Exercise prompt –
Every record that follows should be written out word for word; the pictures stay out.

Source records –
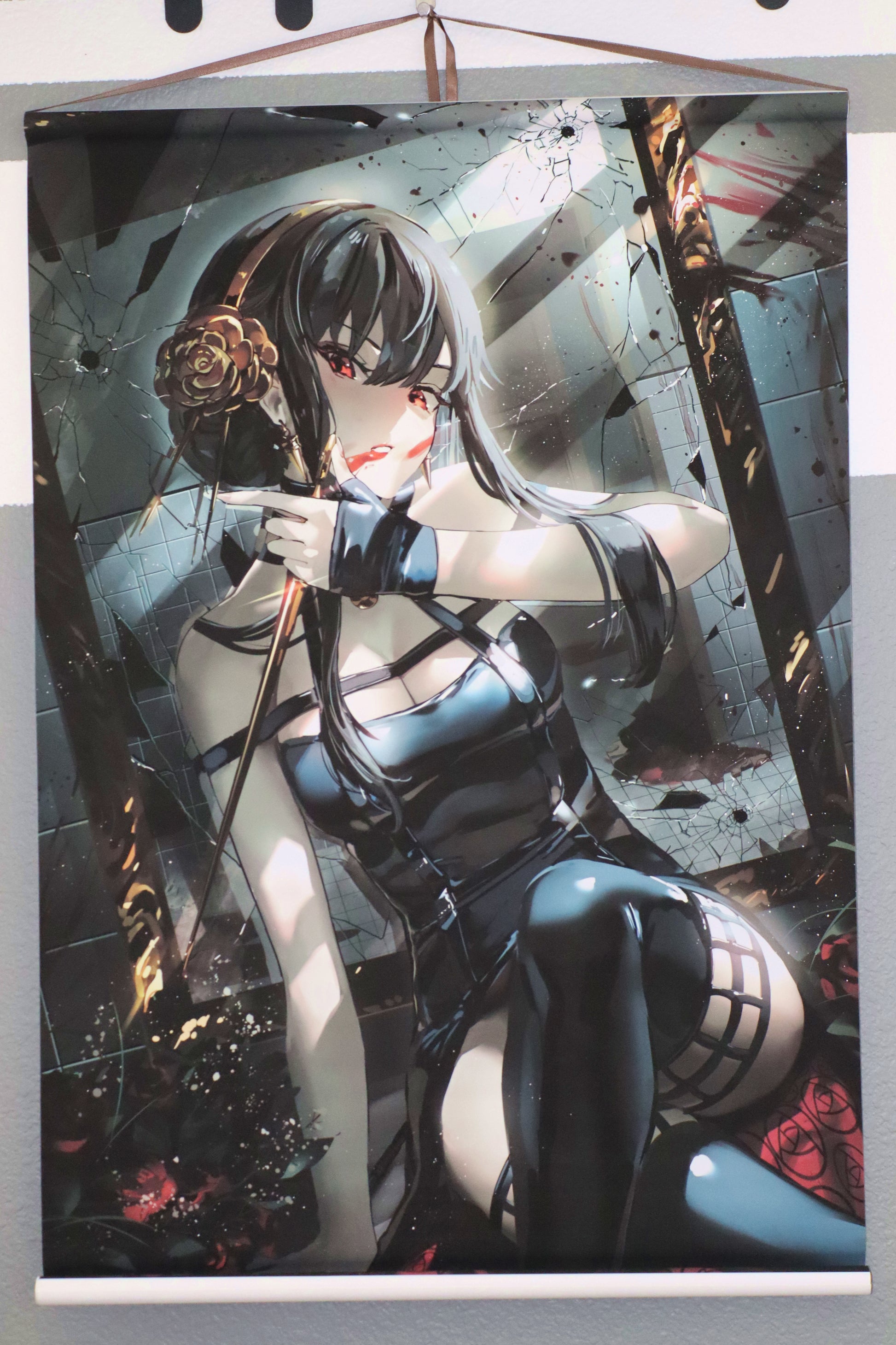 - 20" x 30" Printed on Silk. Attached to two plastic rolls, string included on top.
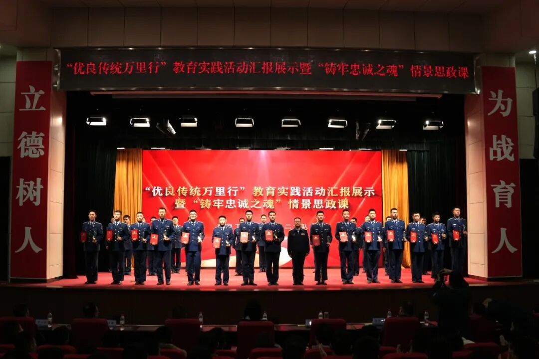为弘扬优良传统、赓续红色血脉,以生动形式推动一流大学《决定》思政育人体系落地落实,近日,航空工程学院紧扣“忠诚”主题,举办“优良传统万里行”教育实践活动汇报展示暨“铸牢忠诚之魂”情景思政课。活动特邀西安交通大学师生代表共同参与,采用节目创排、AI互动、专题授课、军地交流等多元形式,精心打造沉浸式、对话式、思辨式的思政育人新场景,推动思想政治教育入脑入心、走深走实,实现从情感共鸣到理性认同,再到行动自觉的深度升华,教育引导全体官兵铸牢忠诚品格、凝聚奋进力量,为一流大学建设发展注入强劲精神动能。
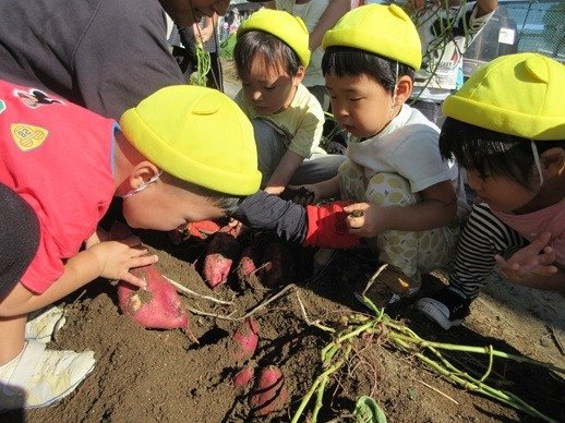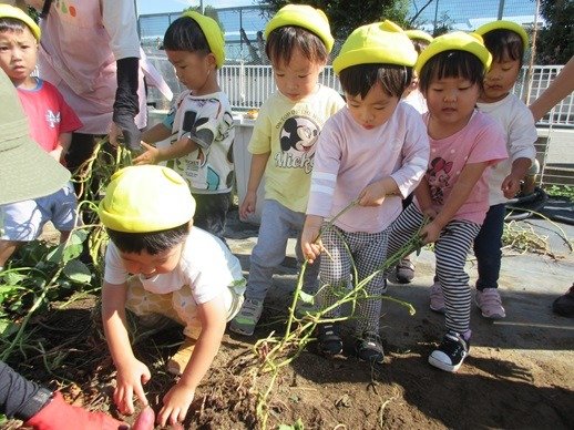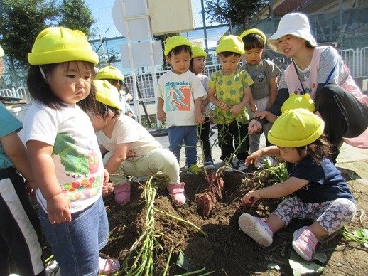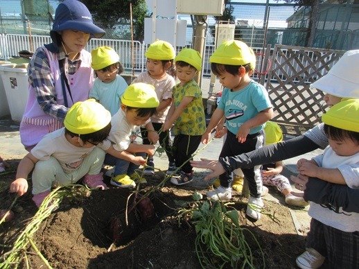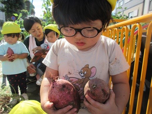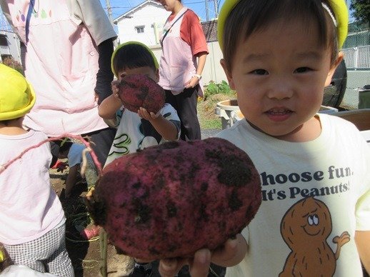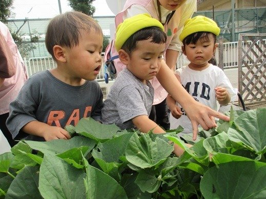 出発前に読んでもらった絵本のようなお芋が出てくるのかな?とっても楽しみで畑に到着。土から少し頭を出しているお芋を見つけて「あった!ここにおるよ!」と指でツンツン。
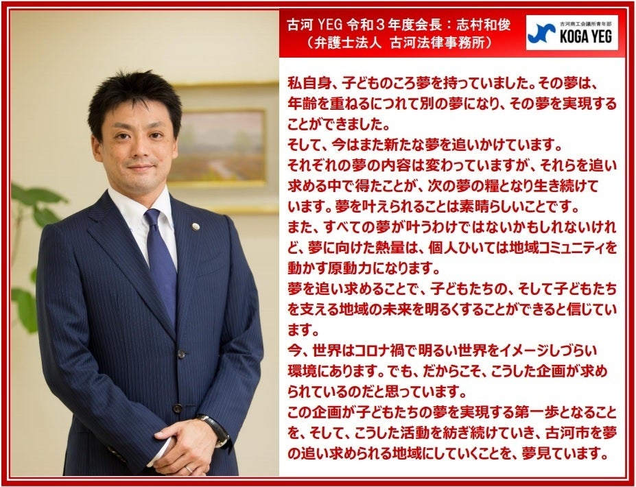 子どもたちに自身の夢を想像してもらい、叶えるために行動し、そして何より夢を叶える達成感を知ってもらいたい。古河YEGが全力で夢の実現をサポートします。
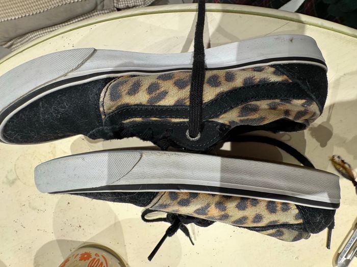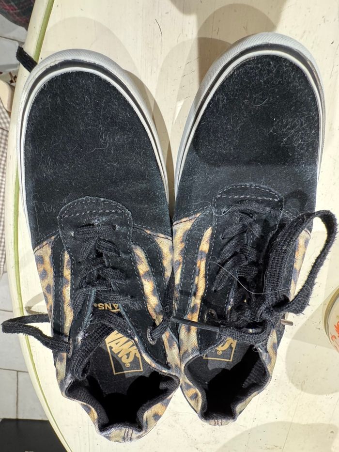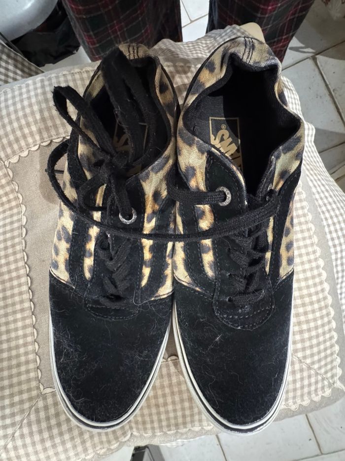 Vans basket, cuir, tissu, léopard noir - photo numéro 1
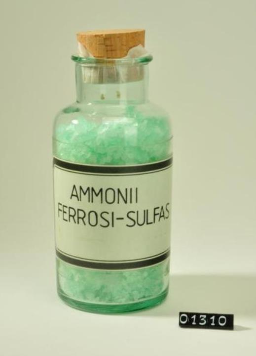 Rundes Pulverglas mit Stopfen aus hellgrünem Glas. Verdickter Mündungsrand. Mit Schablone beschriebenes und mit Folie überzogenes Papierschild, achteckig, mit schwarzem Doppelrand und schwarzer Schrift auf weißem Grund. Rückseite: Tara mit weißem Filzstift geschrieben.
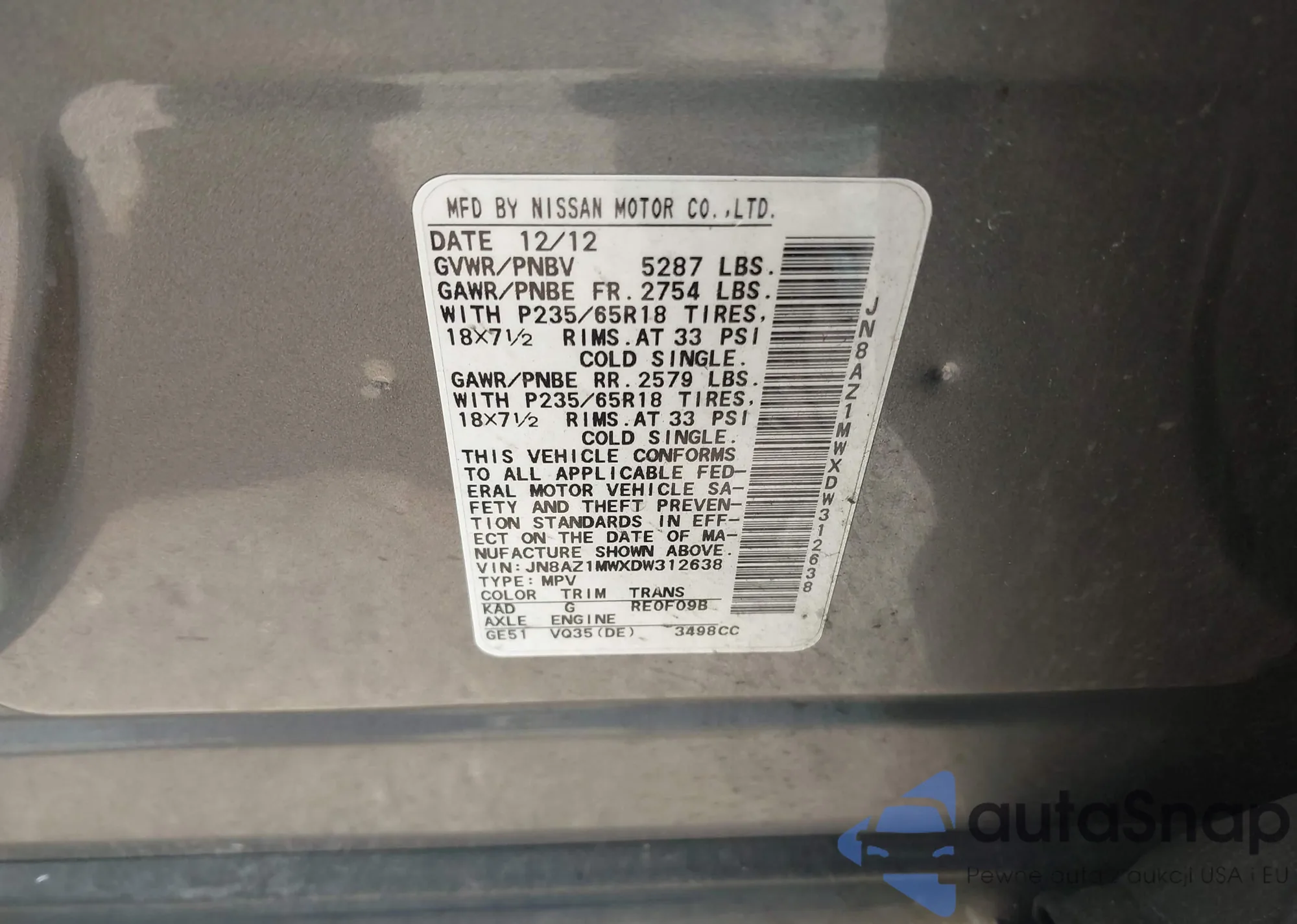 VIN: JN8AZ1MWXDW312638
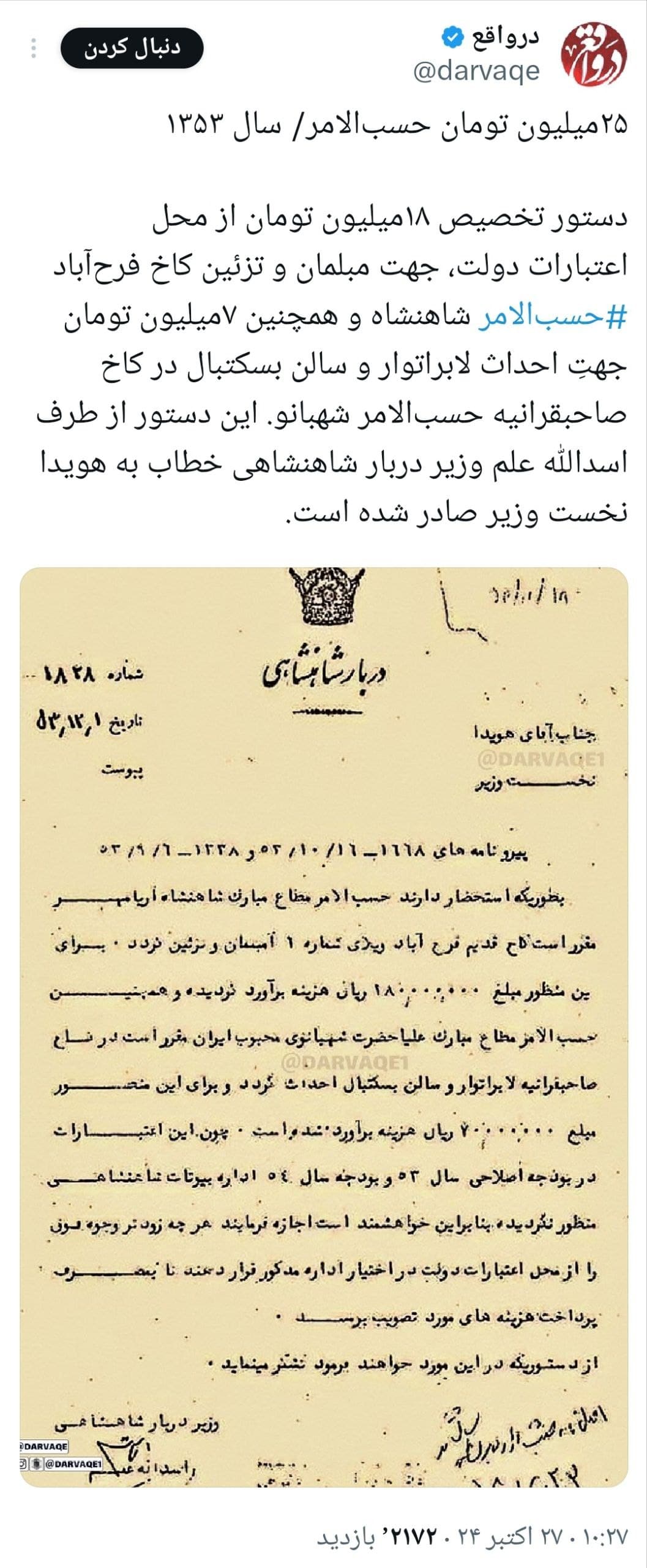 در این تصویر که علی اکبر رائفی پور در فضای مجازی به اشتراک گذاشته، این نظریه پرداز ایرانی از خرج 4 میلیون دلاری دربار پهلوی برای مبلمان و سالن بسکتبال فرح از محل اعتبارات دولتی خبر داد.

Problem solution –
 - 20" x 30" Printed on Silk. Attached to two plastic rolls, string included on top.
为弘扬优良传统、赓续红色血脉,以生动形式推动一流大学《决定》思政育人体系落地落实,近日,航空工程学院紧扣“忠诚”主题,举办“优良传统万里行”教育实践活动汇报展示暨“铸牢忠诚之魂”情景思政课。活动特邀西安交通大学师生代表共同参与,采用节目创排、AI互动、专题授课、军地交流等多元形式,精心打造沉浸式、对话式、思辨式的思政育人新场景,推动思想政治教育入脑入心、走深走实,实现从情感共鸣到理性认同,再到行动自觉的深度升华,教育引导全体官兵铸牢忠诚品格、凝聚奋进力量,为一流大学建设发展注入强劲精神动能。
 出発前に読んでもらった絵本のようなお芋が出てくるのかな?とっても楽しみで畑に到着。土から少し頭を出しているお芋を見つけて「あった!ここにおるよ!」と指でツンツン。
 子どもたちに自身の夢を想像してもらい、叶えるために行動し、そして何より夢を叶える達成感を知ってもらいたい。古河YEGが全力で夢の実現をサポートします。
 Vans basket, cuir, tissu, léopard noir - photo numéro 1
 Rundes Pulverglas mit Stopfen aus hellgrünem Glas. Verdickter Mündungsrand. Mit Schablone beschriebenes und mit Folie überzogenes Papierschild, achteckig, mit schwarzem Doppelrand und schwarzer Schrift auf weißem Grund. Rückseite: Tara mit weißem Filzstift geschrieben.
 VIN: JN8AZ1MWXDW312638
 در این تصویر که علی اکبر رائفی پور در فضای مجازی به اشتراک گذاشته، این نظریه پرداز ایرانی از خرج 4 میلیون دلاری دربار پهلوی برای مبلمان و سالن بسکتبال فرح از محل اعتبارات دولتی خبر داد.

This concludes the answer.